Betatronic Motion

The transverse position of a particle $u$ along longitudinal coordinate $s$ is described by

\[u(s) = \sqrt{\beta(s)\epsilon}\cos\phi+D\delta\]

where $\beta$ and $D$ are the beta and dispersion functions respectively.
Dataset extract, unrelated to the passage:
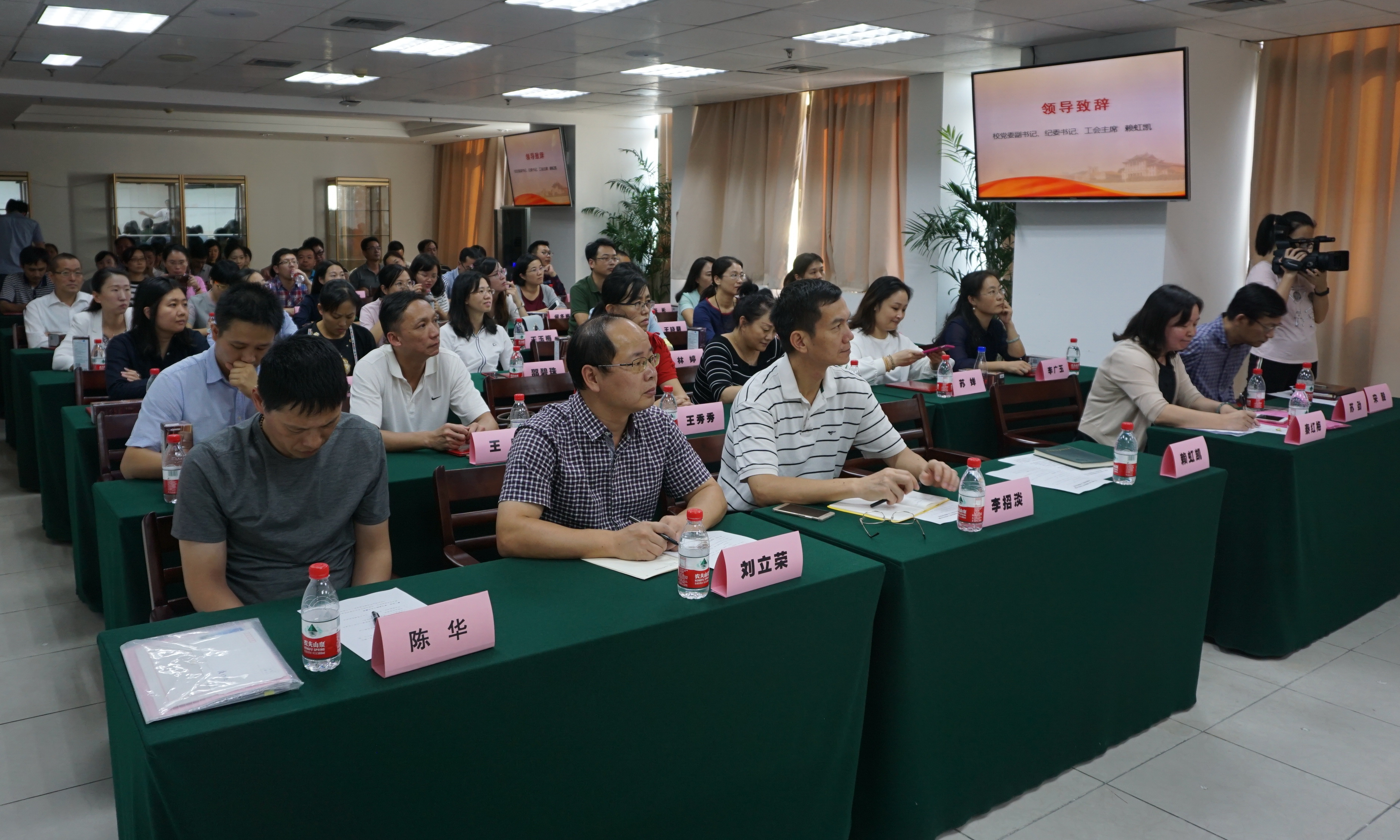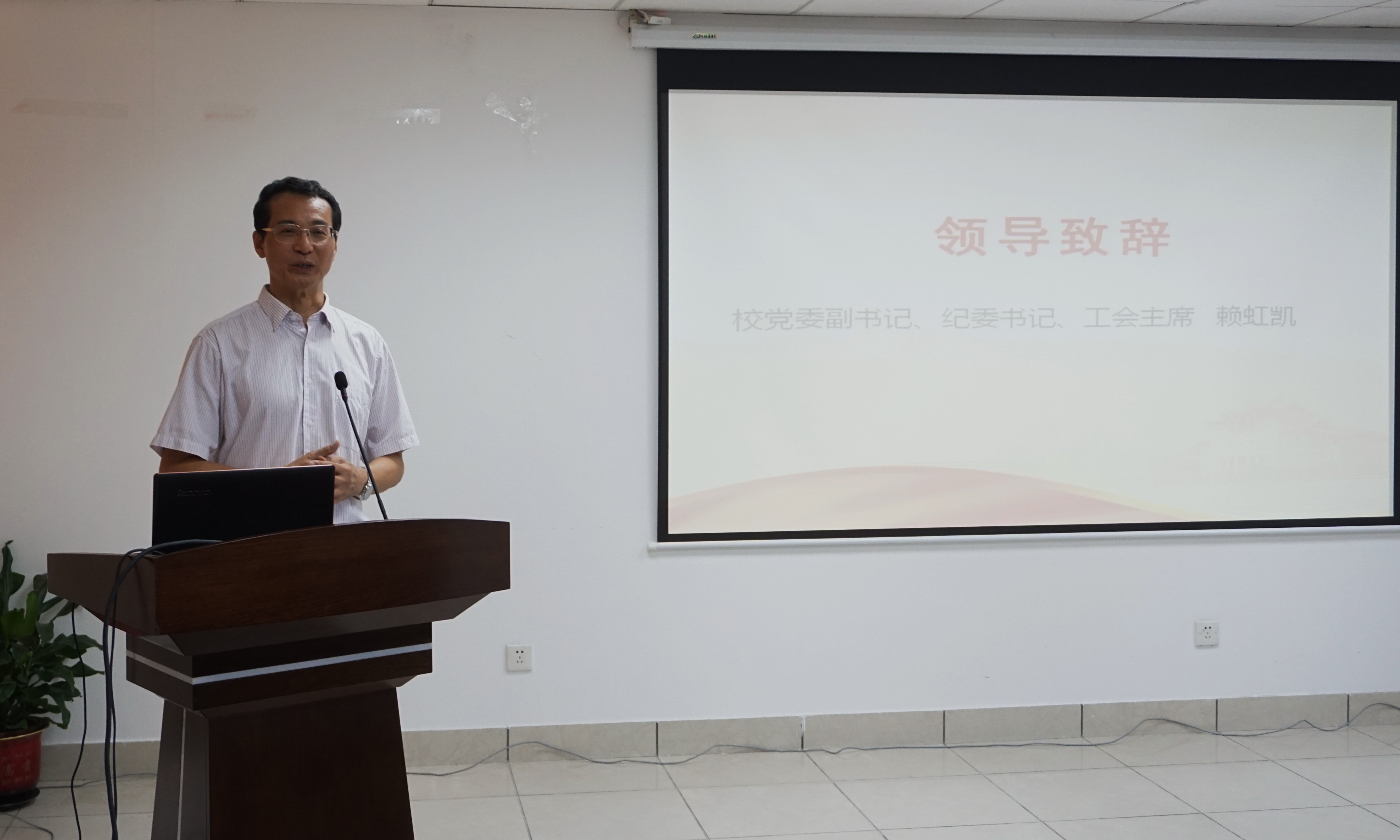 10月24日下午,校工会在颂恩楼1001会议室举办第26期工会干部理论学习班结业式暨宣传信息工作表彰会,校党委副书记、纪委书记、工会主席赖虹凯出席会议并讲话,校工会“两委”委员、各部门工会主席、受表彰先进个人等近70人参加会议。校工会常务副主席宋毅主持会议。

The transverse phase advance is given by

\[\phi = \mu(s) + \mu_0\]

where $\mu_0$ is an integration constant and

\[\mu(s) = \int_0^s\frac{ds}{\beta(s)}.\]

Effective Geometry Factor

For a particle within a uniform transverse bunch distribution in a long round beam, the longitudinal space charge fields can be described by the following geometry factor

\[g(r) = \begin{cases}\frac{1}{2}+\ln\frac{b}{a}-\frac{1}2{}\frac{r^2}{a^2} & r < a \\ \ln \frac{b}{r} & r > a \end{cases}.\]

If we approximate that

\[\beta(s)\approx \beta \qquad D(s) \approx D\]

we can determine that

\[\overline{r^2} = \frac{\beta}{2}(\epsilon_x +\epsilon_y)+D^2\delta^2\]

and that

\[\bar{a} = 2\sqrt[4]{(\beta\sigma_\epsilon+D^2\sigma^2_\delta)(\beta\sigma_\epsilon)}\]

Accordingly

\[\bar{g}(X,Y)=\frac{1}{2}+\ln\frac{b}{\bar{a}(Y)}-\frac{1}{2}\frac{\overline{r^2}(X)}{\bar{a}^2(Y)}\]

where

\[X \in (\delta, \epsilon_x, \epsilon_y) \qquad Y \in (\sigma_\epsilon, \sigma_\delta)\]

are evaluated at each turn.